Even in cases in which a country’s central authority permits English-language documents to be served, the prospect that the recipient may refuse them should make U.S.-based plaintiffs think twice before attempting to serve English-language pleadings in those countries. For example, the Latvian central authority has declared the following:

“Translation is required if the addressee refuses to accept the document because the document is not prepared in the official language of Latvia (Latvian) or in a language that the addressee understands. In such a case the document is returned to the requesting State to be translated either into Latvian or any other language that the addressee has specified.”

The French central authority permits pleadings to be presented for service in either French or English. However, attempted service of pleadings written in English risks possibly unacceptable delay because (a) the local authority may decide to reject English-language pleadings for language-based reasons of its own, or (b) the defendant being served may refuse the pleadings because they are written in a language the defendant allegedly does not understand. Moreover, pleadings written in a language that the intended recipient may not completely comprehend are always subject to objection on due process grounds, thereby creating additional friction and delay in acquiring U.S. jurisdiction over a party residing overseas.

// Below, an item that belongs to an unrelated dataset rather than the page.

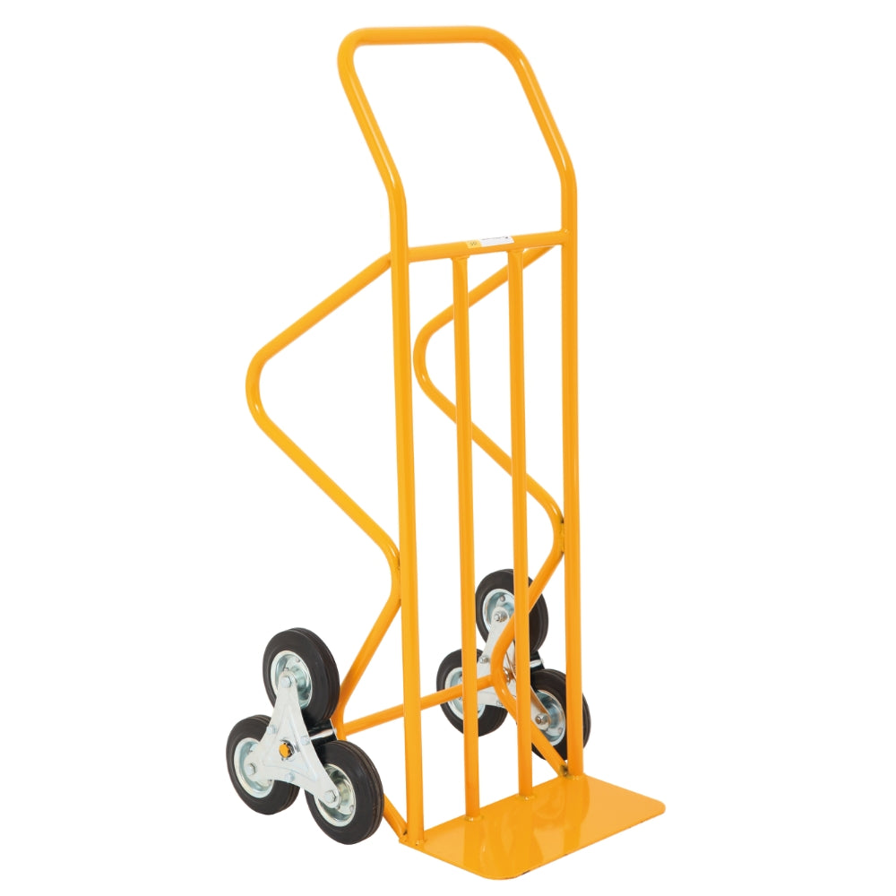 Klassisk trappkärra med hjulstjärna. För transporter i trappor med steghöjd 150 - 180 mm. Tillverkad av pulverlackerade stålrör. Maxlast upp till: 250 kg. Hjulutrustning: 6 st massivgummihjul 150x40 mm med glidlager. Spårvidd: 460 mm. Största mått: L1180xB550xH540 mm. Lastkniv: D170xB400 mm. Vikt: 18 kg. Leveransutförande: Monterad.

According to the U.S. Department of Justice, having service documents translated into the local language is almost always the prudent course of action:

[E]ven if there is no explicit translation requirement, since most countries view service in terms of providing effective notice and notice will not be effective where the person serve cannot understand the documents because they are written in a foreign language, we strongly recommend that the documents to be served be accompanied by translations, unless it is known that the recipient is familiar with the English language. At the very least, the documents to be served should be accompanied by a translated summary of their contents so the recipient is placed on notice concerning the essential elements, such as the origin of the claim, nature of the documents, and the time limits for entering an appearance or making a reply.

A Practical Approach to Service of Process Overseas

Litigators should weigh the following practice suggestions whenever they need to serve legal pleadings on parties residing in a non-English-speaking country outside the United States:

  • Thoroughly research the service of process requirements published by the central authority in the country in which the party to be served resides. The U.S. Department of Justice’s advisory on international service of process is a good place to start.
  • Weigh the advantages (or disadvantages) of using the Hague Service Convention as opposed to other methods available under local laws in the country where the party to be served resides.
  • Enlist the services of a qualified legal document translation service to translate English-language pleadings into the language required by the relevant central authority.
  • Additionally, obtain translations for all supporting documents required by the relevant central authority to accompany the pleadings to be served.
  • Take care to draft supporting materials in simple, nontechnical language, omitting unnecessary information that may confuse central authority personnel.
  • Build additional time (think months, not days) into litigation management plans to accommodate the time necessary to obtain document translations, liaise with the relevant central authority, and obtain service on the intended party.